Discovery of ω-free high-temperature Ti-Ta-X shape memory alloys from first principles calculations

Abstract

The rapid degradation of the functional properties of many Ti-based alloys is due to the precipitation of the ω phase. In the conventional high-temperature shape memory alloy Ti-Ta the formation of this phase compromises completely the shape memory effect and high (>100C) transformation temperatures cannot be mantained during cycling. A solution to this problem is the addition of other elements to form Ti-Ta-X alloys, which often modifies the transformation temperatures; due to the largely unexplored space of possible compositions, very few elements are known to stabilize the shape memory effect without decreasing the transformation temperatures below 100C. In this study we use transparent descriptors derived from first principles calculations to search for new ternary Ti-Ta-X alloys that combine stability and high temperatures.

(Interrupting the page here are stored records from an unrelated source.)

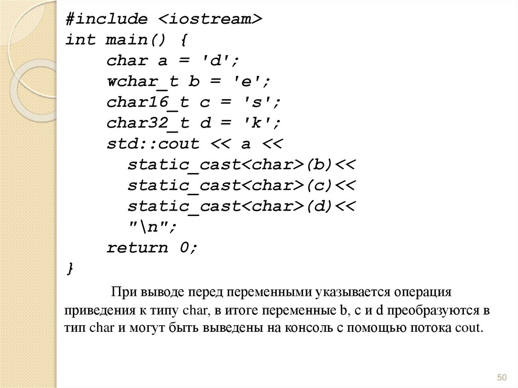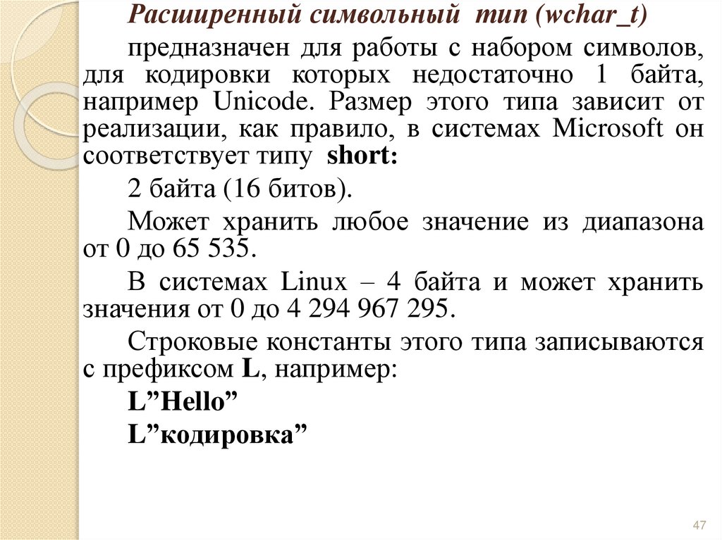 9. · кроме того, каждый символ может быть обозначен своим кодом в 8-ой или 16-ой системе счисления: \ddd – где буквы ddd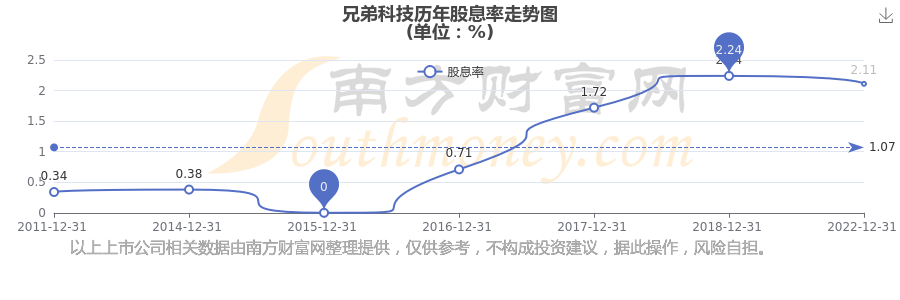 近年兄弟科技年度股息率走勢(shì)如下圖: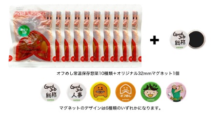 抽選で100社に「オフめしイート&ストック」常温保存そうざい10種類とノベルティグッズ(マグネット)をプレゼントいたします。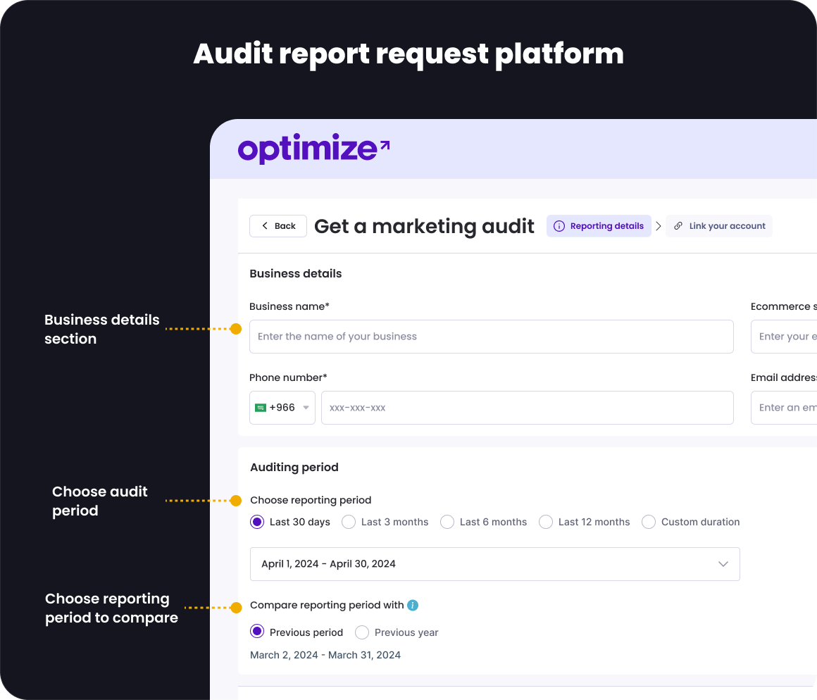 Allow even non-OptimizeApp users to submit audit requests by first collecting essential business details (Business Name, Website URL, Contact Info).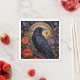 Serviettes en papier avec corneille noire. Une arche jaune derrière. Entouré de fleurs rouges et violettes. L'ambiance gothique cool.

We suggest four new alloys with these properties, namely Ti-Ta-Sb, Ti-Ta-Bi, Ti-Ta-In, and Ti-Ta-Sc. Our predictions for the most promising of these alloys, Ti-Ta-Sc, are subsequently fully validated by experimental investigations, the new alloy Ti-Ta-Sc showing no traces of ω phase after cycling. Our computational strategy is immediately transferable to other materials and may contribute to suppress ω phase formation in a large class of alloys.